The second equation already gives us the value of [latex]y[/latex]:  [latex]y=2[/latex]

We are going to substitute this value of  [latex]y=2[/latex] into the first equation:

[latex]4x+3y=−14[/latex]

[latex]4x+3\left(\color{red}{2}\right)=−14[/latex]

No simplify and solve the equation for [latex]x[/latex].

[latex]\begin{array}{r}4x+6=−14\\4x=−20\\x=−5\,\,\,\end{array}[/latex]

Answer

[latex](-5,2)[/latex] is the solution of the system of equations.

We can substitute a variable even if it is written as an expression.

Example

Solve the system of equations:

[latex]y+x=3\\x=y+5[/latex]

 

Solution

The goal of the substitution method is to rewrite one of the equations in terms of a single variable. The second equation tells us that [latex]x=y+5[/latex], so we can substitute [latex]y+5[/latex] for [latex]x[/latex] in the first equation:

[latex]\begin{array}{r}y+\color{red}{x}=3\\y+\color{red}{\left(y+5\right)}=3\end{array}[/latex]

Simplify and solve the equation for [latex]y[/latex]:

[latex]\begin{array}{r}2y+5=\,\,\,\,3\\\underline{−5\,\,\,\,\,−5}\\2y=−2\\y=−1\end{array}[/latex]

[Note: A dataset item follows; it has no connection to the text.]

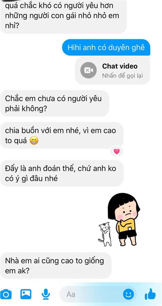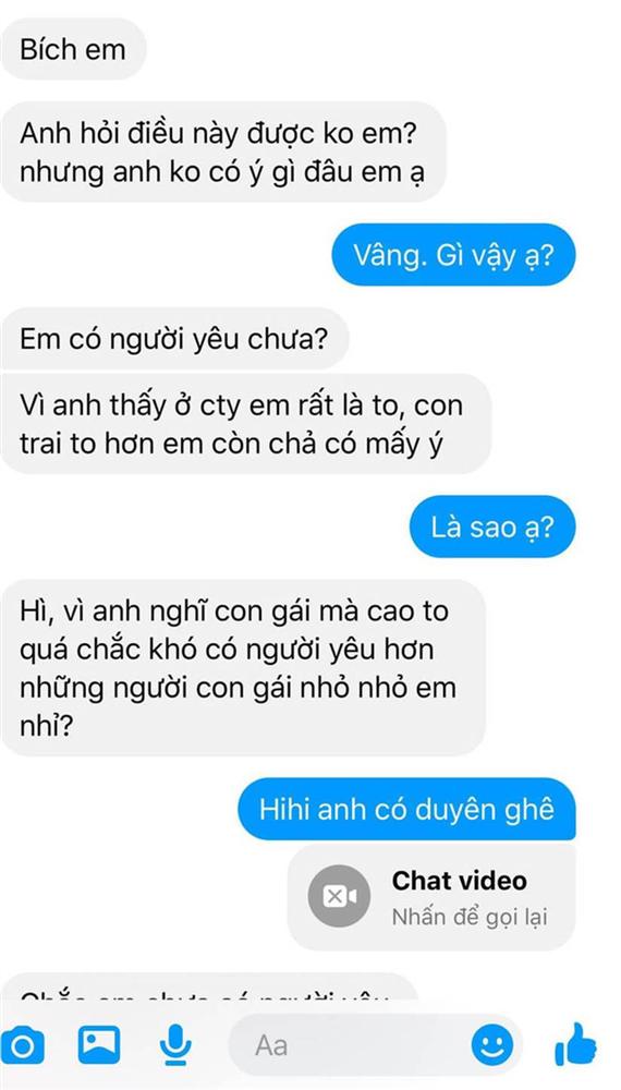 Đến đoạn này thì nhiều người cứ tưởng mười mươi là anh chàng chuẩn bị "thả thính", tán tỉnh đồng nghiệp, chuẩn bị tỏ tình đây mà. Ấy nhưng không, anh chàng bắt đầu để lộ sự kém duyên của mình: "Vì anh thấy ở công ty em rất là to, con trai to hơn em còn chả có mấy ý. Anh nghĩ con gái mà to cao quá chắc khó có người yêu hơn mấy cô nhỏ nhỏ em nhỉ".

Now find [latex]x[/latex] by substituting this value for [latex]y[/latex] into either equation and solving for [latex]x[/latex].

We will use the first equation:

[latex]\begin{array}{r}\color{red}{y}+x=3\\\color{red}{−1}+x=3\\\underline{+1\,\,\,\,\,\,\,\,\,+1}\\x=4\end{array}[/latex]

Finally, check the solution [latex]x=4[/latex], [latex]y=−1[/latex] by substituting these values into each of the original equations.

[latex]\begin{array}{r}y+x=3\\−1+4=3\\3=3\\\text{TRUE}\end{array}[/latex]

[latex]\begin{array}{l}x=y+5\\4=−1+5\\4=4\\\text{TRUE}\end{array}[/latex]

Answer

[latex]x=4[/latex] and [latex]y=−1[/latex]

The solution is [latex](4,−1)[/latex].

Remember, a solution to a system of equations must be a solution to each of the equations within the system. The ordered pair [latex](4,−1)[/latex] does work for both equations, so we know that it is a solution to the system as well.

Try It

Solve the system of equations: [latex]2x+3y=6\\x=-3[/latex]

Try It

Solve the system of equations: [latex]2x+3y=6\\y=3x+2[/latex]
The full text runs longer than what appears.